Distribution Theory – Correct Definition of Convolution of Distributions

convolutiondistribution-theory

Wikipedia states, that the definition of convolution of function $f$ with a distribution $T$ is
$$\langle T\ast f,\varphi\rangle=\langle T,\tilde{f}\ast\varphi\rangle$$
where $\langle T,f\rangle=T(f(x))$ and $\tilde{f}=\mathrm{d}_{-1}f(x)=f(-x)$ dilation of $f$ and this should hold $\forall\varphi\in\mathscr{S}$.

Then, convolution of distributions is defined by
$$(T\ast S)\ast \varphi=T\ast(S\ast\varphi)$$
and $T\ast \varphi$ is supposed to be a function.

My question is, how is this possible if $T\ast\varphi=T(\tilde{\varphi}\ast\phi)$ and $\tilde{\varphi}\ast\phi$ is a function and a distribution acting on a function is a number: $$T:\mathscr{S}(\mathbb{R}^n)\to\mathbb{R}$$
then a convolution defined like this should be a number and convolution defined as $$T\ast(S\ast\varphi)=T(S(\tilde{\varphi}\ast\phi))$$
should be a distribution acting on a number, which is nonsense?

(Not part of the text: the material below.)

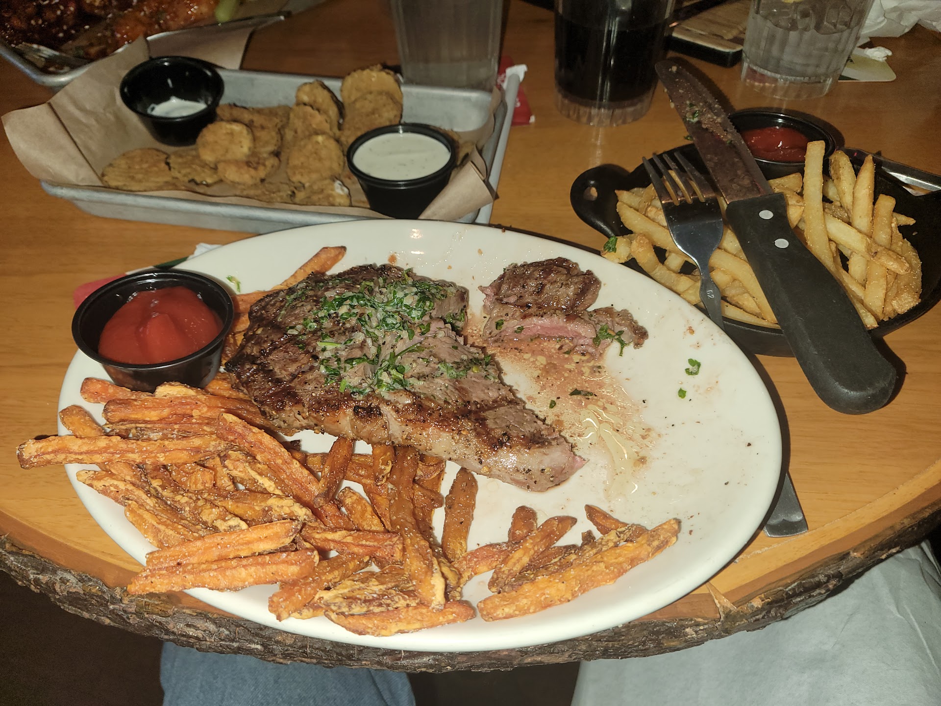 Read moreI went on Tuesday Jun 24th by myself. Worst twin peaks i have ever been to. I am a fan of twin peaks and have been for years visiting the other location in south austin, other locations in texas, and locations in Georgia and Arizona. Has always been one of my go to's for wings and really cold beer. I work in the service industry and am a chef so some things really rub me the wrong way when guests are paying for sub par service. Walked in to the bar the bartender never even said their name or the other bartenders name. I place my drink order and then later place my food order. Never offered water which has usually been customary at other twin peaks locations I have been to. I noticed the food was taking a while so I asked the shorter bartender whose name started with a T if she knows what's going on with my food. She replied with "oh they are probably making it" very coldly. Meanwhile im thinking im asking for a reason mam. It was a slower night the bar was the only part of the restaurant that was full and I've also made wings and fries plenty of times so I understand ticket times and how long it takes to make these items. She never checked on my order and never got back to me about it. It eventually arrived and the half of my wings that were teriyaki were not hot. Warm but not hot and some of them looked like they were fried earlier and then redropped in the oil to heat back up again, so they were a bit dryer and in turn smaller than the rest. Im pretty my order either sat in the window for a while or was forgotten for a bit in one of the sauce bowls then later plated. My fries that I ordered were also forgotten. When the fries did come out they were piping hot which was great. The only part of my meal that was hot. Neither bartender ever asked how everything was which is customary. They mostly spent time talking to each other and ignoring guests/ guest interactions. Terrible experience and worst twin peaks i have experienced. I love twin peaks but this...

It is stated, that an equivalent definition is
$$T\ast \varphi=\langle T,\tau_{-x}\varphi\rangle$$
how can that be an equivalent definition?

Best Answer

This is rather fishy. Convolution corresponds via Fourier transform to pointwise multiplication. You can multiply a tempered distribution by a test function and get a tempered distribution, but in general you can't multiply two tempered distributions and get a tempered distribution. See e.g. the discussion in Reed and Simon, Methods of Modern Mathematical Physics II: Fourier Analysis and Self-Adjointness, sec. IX.10.

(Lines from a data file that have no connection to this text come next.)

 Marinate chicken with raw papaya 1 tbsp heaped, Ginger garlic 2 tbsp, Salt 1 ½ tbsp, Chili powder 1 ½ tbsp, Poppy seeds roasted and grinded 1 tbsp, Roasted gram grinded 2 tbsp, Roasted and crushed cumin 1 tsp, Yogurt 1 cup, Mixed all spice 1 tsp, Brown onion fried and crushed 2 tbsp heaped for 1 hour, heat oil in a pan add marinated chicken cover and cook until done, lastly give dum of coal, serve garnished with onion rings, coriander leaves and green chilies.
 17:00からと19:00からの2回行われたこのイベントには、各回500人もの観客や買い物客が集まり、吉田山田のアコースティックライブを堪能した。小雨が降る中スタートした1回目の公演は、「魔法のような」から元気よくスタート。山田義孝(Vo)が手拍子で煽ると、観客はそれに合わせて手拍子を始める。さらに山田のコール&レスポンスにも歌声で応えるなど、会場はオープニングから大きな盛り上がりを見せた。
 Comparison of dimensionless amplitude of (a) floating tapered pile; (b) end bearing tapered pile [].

For example, with $n=1$ try $f = 1$. $$\widetilde{f} \star \phi(x) = \int_{\mathbb R} \phi(x-t)\; dt = \int_{\mathbb R} \phi(t)\; dt$$ is a constant function, not a member of $\mathscr S$ unless it happens to be $0$. So in general you can't define $T \star f$ for this $f$ and a tempered distribution $T$. What you can define is $T \star f$ for $f \in \mathscr S$. Then it does turn out that the tempered distribution $T \star f$ corresponds to a polynomially bounded $C^\infty$ function (Reed and Simon, Theorem IX.4). But, again, in general you can't make sense of the convolution of this with a tempered distribution.

EDIT: When I say that a tempered distribution $T$ "corresponds to a function" $g$, I mean $T(\phi) = \int g(x)\; \phi(x)\; dx$.